Please point out exactly where I have even come close to advocating this idea, which seems to only exist in the heads of conservative tax dodgers.
>"Once social mobility, educational opportunity, access to similar healthcare, and basic human rights are preserved, rich people don't owe you crap despite what you think."
They don't owe me anything personally, but they do owe society as a whole a hell of a lot.
>"there is nothing stopping a hungry and intelligent kid in the US whose parents feed him and shelter him from becoming a multi-millionaire in this country or even president."
Really? How about cultural stigma, institutional racism, old boys networks, country club nepotism, access to prestigious higher education, and a whole host of other factors?
Firstly, there are a lot of kids whose parents can barely feed and shelter them (hungry and well fed, can you make up your mind?), either despite their best efforts, or because they spend everything on booze or drugs. Secondly, even if they are adequately fed and sheltered, there is still massive societal pressure to not "rise beyond your station", both from above and below.
US society seems tailor made to keep the rich rich and the poor poor, by constantly putting obstacles in the way of progress, all because rich white old men are terrified they'll lose even a small part of their mountains of money.

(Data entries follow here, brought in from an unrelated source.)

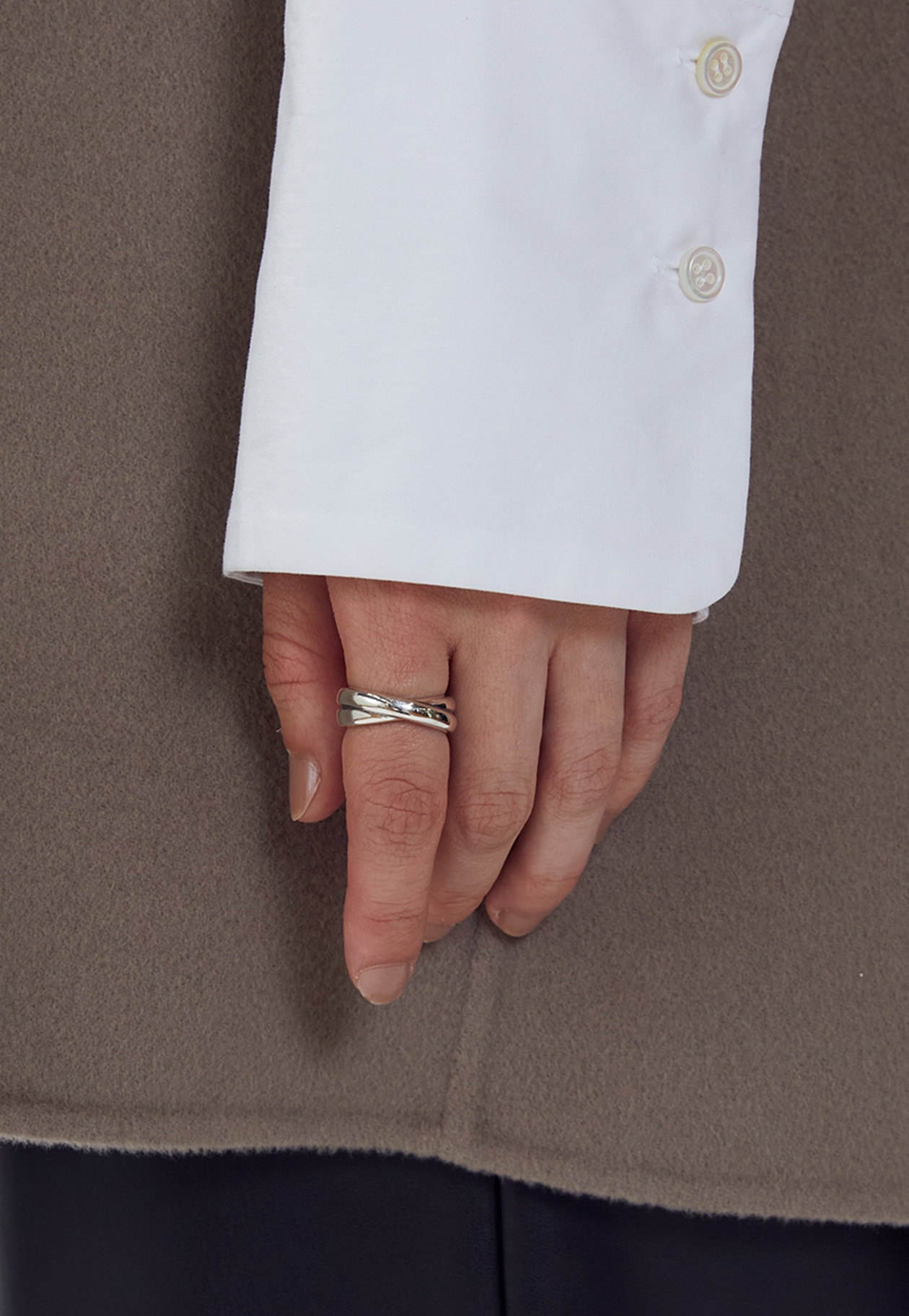 立体的なクロスデザインのリング。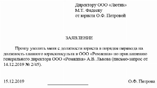 В место настоящей занятости руководству вручается письмо от компании, намеревающейся принять его сотрудника, и заявление от самого работника о его желании уволиться переходом на новое место (ст. 84 ТК РФ). В заявлении указывается:
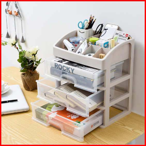Rak Kosmetik 3 Laci Jumbo Multifungsi Penyimpanan Makeup Serbaguna Box Organizer Putih Transparant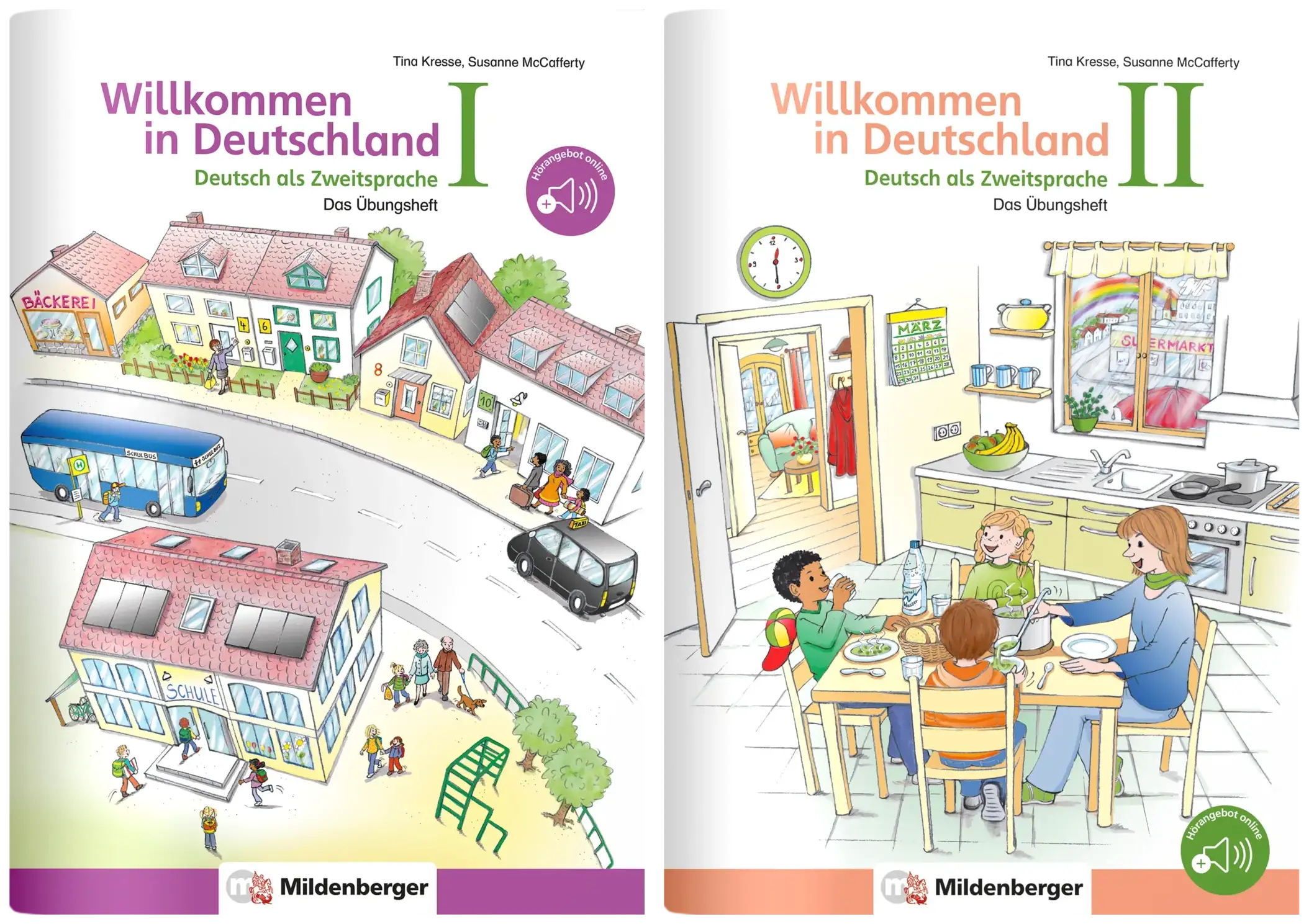 Mit den silbierten Übungsheften können sich alle Kinder zwischen 6 und 12 Jahren – auch ohne Vorkenntnisse – selbstständig und spielerisch einen grundlegenden Wortschatz und Grammatikstrukturen erarbeiten. Es wird durch kostenlose Hörangebote online ergänzt und bearbeitet diese Themenfelder: Vorstellung, Zahlen, Farben, in der Schule, Tiere (Zoo, Haus, Bauernhof, Wald und Wiese), mein Körper, Kleidung, gesund und krank, Familie, Geburtstag / Spielsachen / Spielplatz, Ausflug, Feste im Jahreskreis. Die beiden Übungshefte Deutsch als Fremdsprache I und II bauen aufeinander auf und decken die Themenfelder der Lehrpläne für „Deutsch als Zweitsprache“ ab. Das bewährte Sticker-Belohnungssystem stellt für die Kinder einen zusätzlichen Anreiz dar: Für jede bearbeitete Seite darf das Kind einen Sticker in ein Wimmelbild kleben. Das Lösungsheft für die schnelle Selbstkontrolle kann mit einem Handgriff herausgetrennt werden.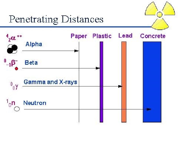 alpha, beta, and gamma • These three forms of radiation can be distinguished by a magnetic field since • the positively-charged alpha particles curve in one direction, • the negativelycharged beta particles curve in the opposite direction, • and the electricallyneutral gamma radiation doesn't curve at all.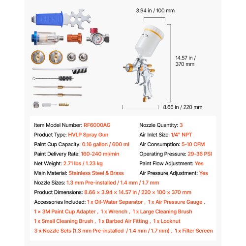 Hållbar konstruktion: Med munstycken i rostfritt stål och ett mässingsförstoftningslock för utmärkt korrosionsbeständighet och läckageskydd. Perfekt för billackering, möbelrenovering eller heminredning och gör-det-själv-projekt.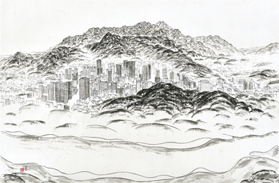 작가의 말 : 서울의 입지에 관한 산들과 강, 그리고 하천을 그린 그림으로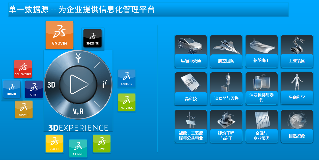 达索系统在全球重点围绕12个主打行业,涉及了航天航空、交通、机械制造、能源、消费品、高科技、银行和金融服务、自然资源和矿业等,覆盖了人们生活方方面面的领域。达索系统一直致力于为不同行业的用户提供具有行业属性的个性化的解决方案。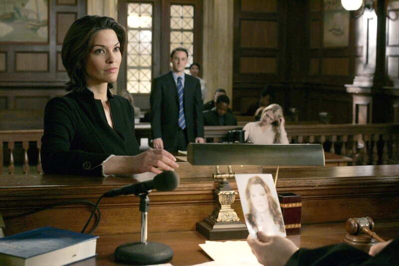 LAW & ORDER -- "Quit Claim" Episode 1810 -- Pictured: (l-r) January Jones as Kim Brody, Greg Keller as Peter Berbatov -- NBC Photo: Will Hart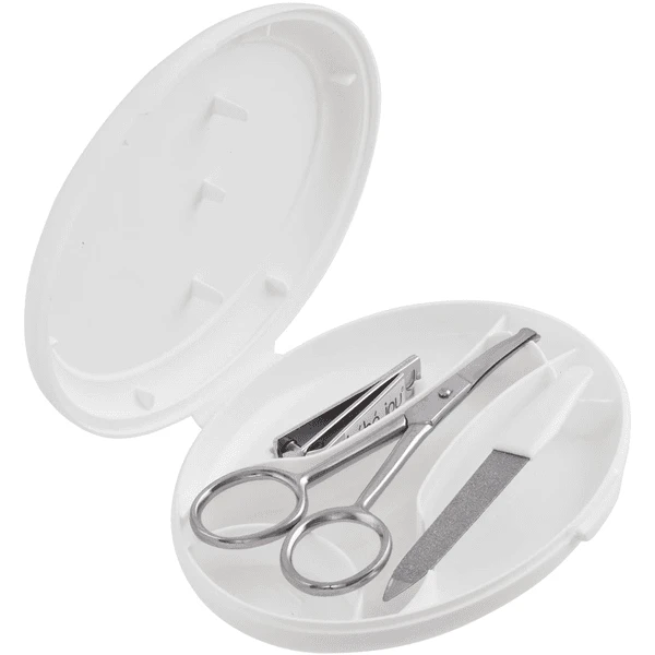 - Das Maniküre-Set besteht aus Nagelschere mit abgerundeten Spitzen,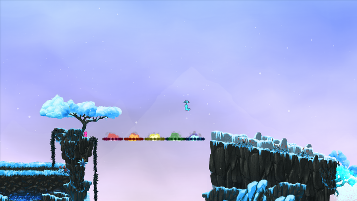 而在 Lost Cold 里面,增加了绚丽的色彩,迷幻的 3D 效果,以及更多技巧和交互。游戏设计很有意思,主人公可收集声音并咏唱唤出五彩云朵楼梯,帮助小伙伴过关,游戏中没有死亡,不会有失败的挫败感,只有纯粹的娱乐体验。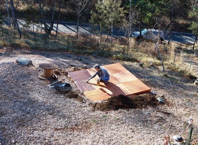 少し前から、ドッグランでくつろげるようにウッドデッキを組み立てているのだが、作業していると横にいる大福は明らかに「つまんねー」という顔をして、中に入りたがる。そして、やっぱり暖かい室内で昼寝する。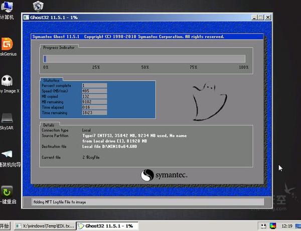 封装执行过程就不截图了,封装完后,再做一个系统gho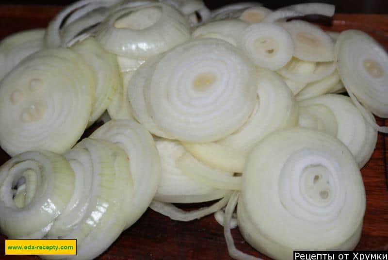 Як замаринувати м’ясо? Отже, йдемо по порядку. Візьміть цибулю, очистіть від лушпиння і наріжте товстими кільцями.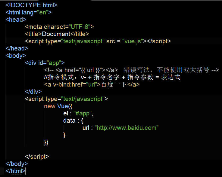 Vue指令语法,绑定标签属性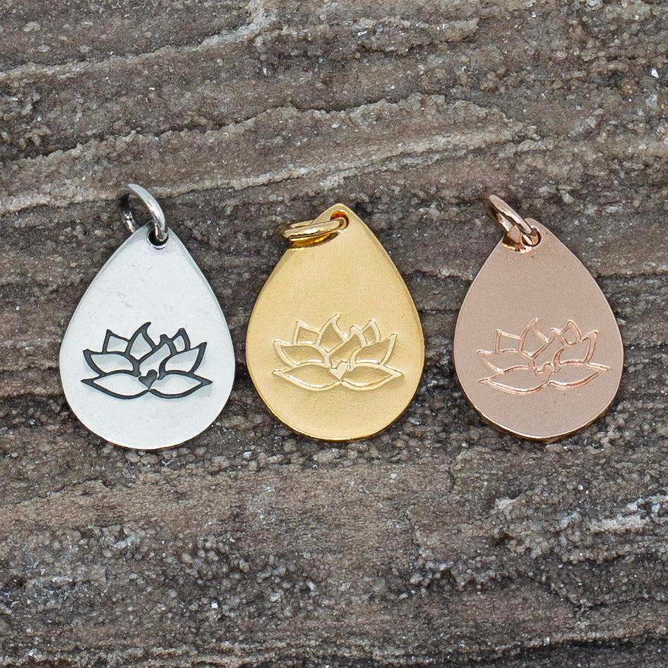 We love the idea behind the symbolism of the lotus- rising from the muddy waters, untouched and pure of heart, mind and soul! When you wear our charms, we send you continued messages that you are loved. These are like little hugs :)
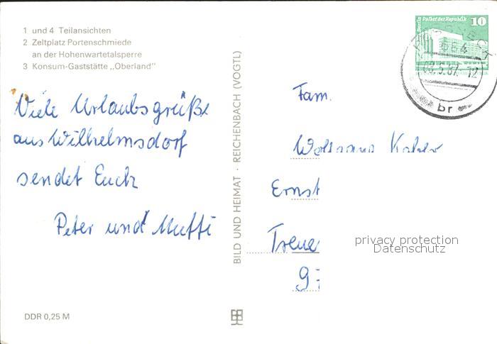 72335115 alte Postkarte Wilhelmsdorf Poessneck Teilansichten Zeltplatz Portenschmiede Hohenwartetalsperre Konsum Gaststaette Oberland postalisch gelaufen Erhaltung siehe scans KatCode: 11110016075125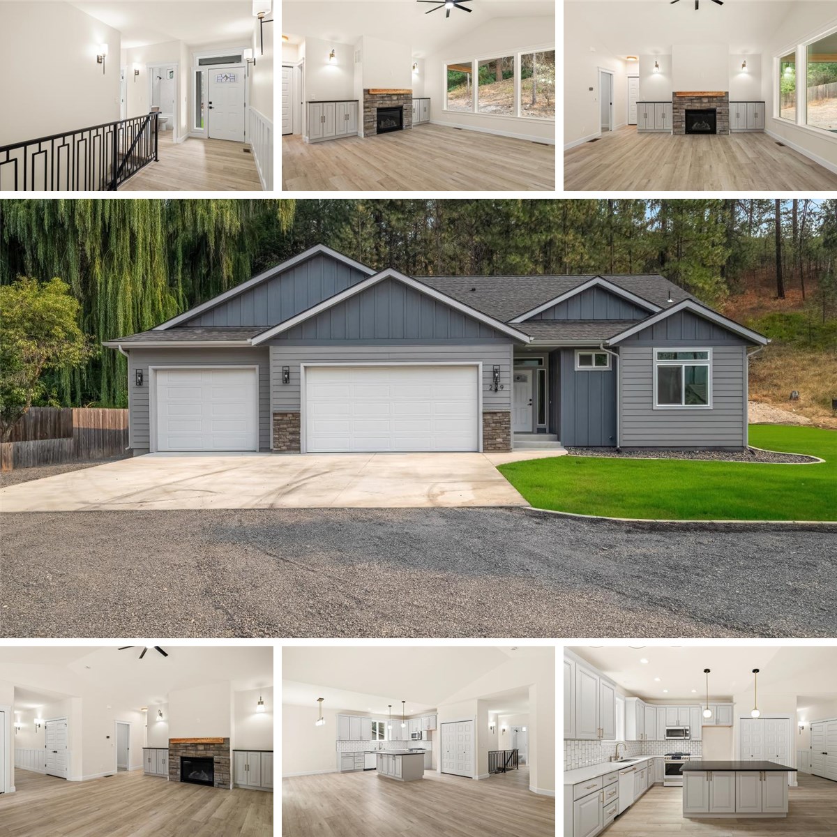 Stunningrancher on a ½ acre lot, just a stone’s throw fromLake Spokane/Long Lakewithexclusive Lakeridge Park membershipforboating and private lake access! Built by renowned builderMike Miller, this thoughtfully designed home features amain-level layout with 3 bedrooms, 2 bathrooms, and high-end designer finishes throughout — including stylishblack and gold hardware,shaker cabinetry, andquartz countertops. Enjoy the spacious, open-concept living area withCafe Series appliances,wide plank LVP flooring,wood-wrapped windows, and a strikingvertical wainscot entry wall. The modernopen stair railleads to a largeunfinished basement w/ potential for more bedrooms, bathroom and a family room. Stay comfortable year-round with agas furnace and heat pump. Take advantage of theoversized 3-car garage, complete with adeep 3rd bayand10' wide door-perfect for trucks, toys, or a workshop. Relax or entertain on the21x15 covered deck, surrounded bynatural privacy and mature trees.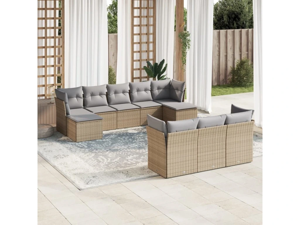 10dílná zahradní sedací souprava s poduškami béžová polyratan 3250168
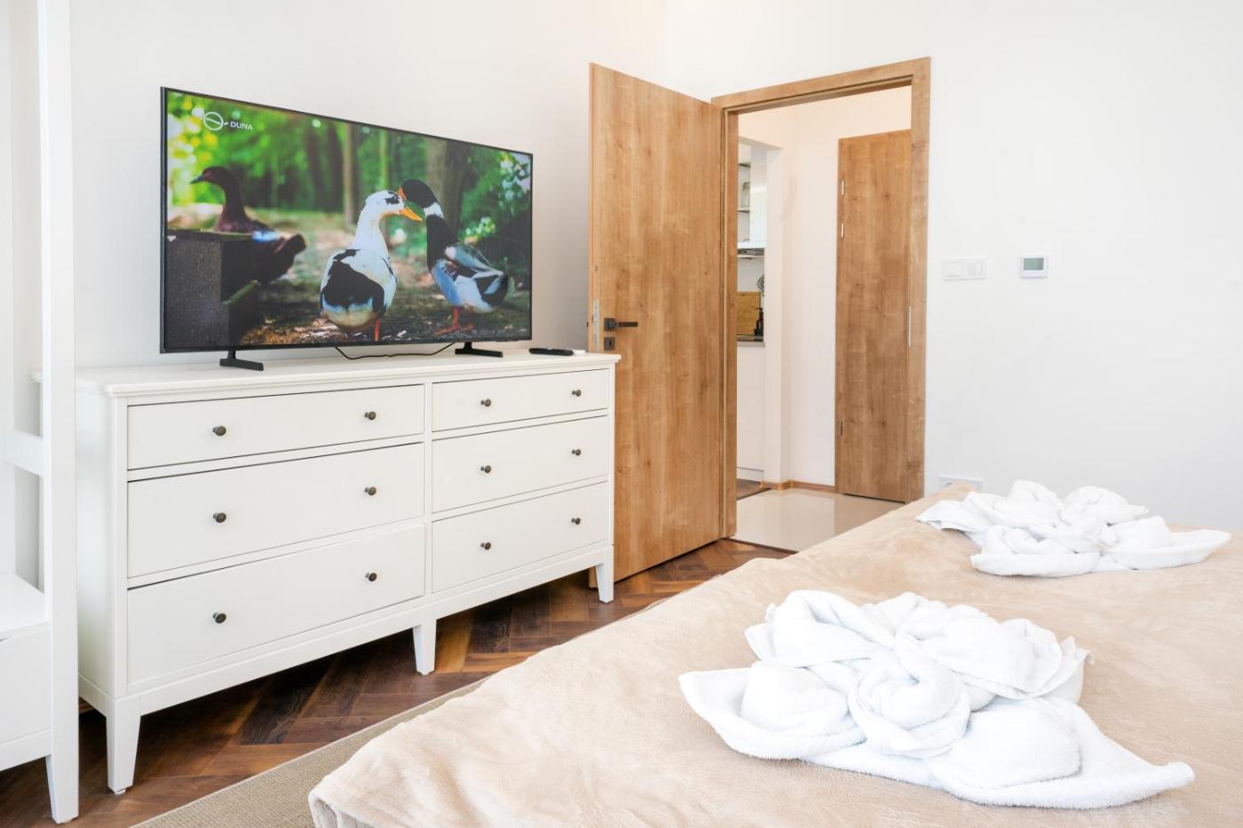 The property has 2 parking lots. One of them is located on Petőfi Promenadecar traffic is not allowed after 19:00. The other parking lot is at Karinthy Frigyes street accessible 24 hours per day.This property is located in a busy area and guests may experience noise.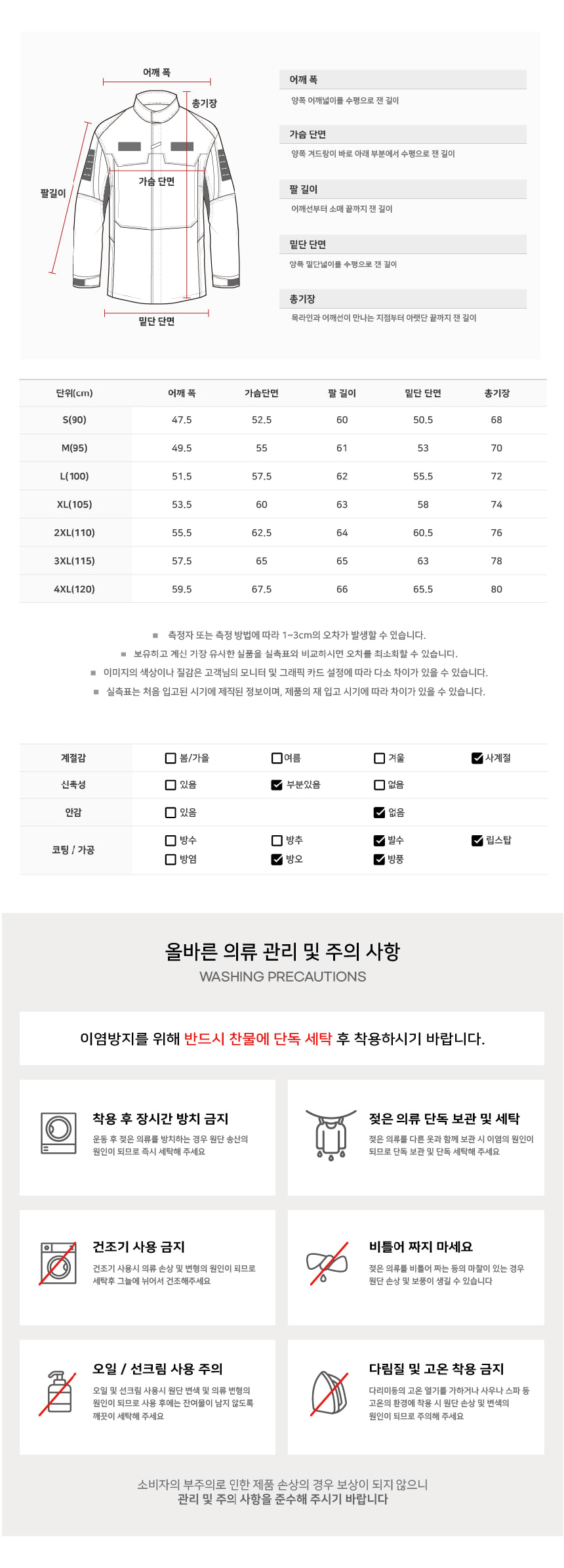 표백제 및 강력 세제 등 사용 금지 / 건조기 사용 금지 |

No one (apart from hardcore old-school concrete commies) are advocating for 100% equal distribution of wealth. I believe that if someone puts their neck on the line and makes it big, good for them. But they should also pay their goddamn taxes and contribute back to society, and not with some excuse along the lines of "I'm investing the money in my own pet causes, so I shouldn't have to pay taxes". That's what's happening currently, the super rich don't feel any connection or responsibility towards keeping society running. They need a good strong lesson in humility.
I'm sure everything seems possible from your ivory tower, but that's not reality.
Same reason we hate google/amazon or any other (almost) monopolies. Money buys speech, power, influence, mind control. There is a reason rich contribute so much to political campaign donations.
1) A focus on inequality is irrational. 2) People focus on inequality for irrational reasons.
This means that if policy-makers and intellectuals fully give in to the people's wishes, we'll accept decreases in wealth in exchange for more equality indefinitely. If this sounds like a strawman, it's because we have "backstops" to inequality-decreasing wealth-destruction. But why should we tolerate any wealth destruction at all?
And if reducing inequality is possible without wealth destruction, why focus on inequality?
(This is besides the "Oxfam problem" -- there never is a coherent definition of "wealth" and Oxfam never seems to fully value people's homes and work animals and suchlike in poor countries.)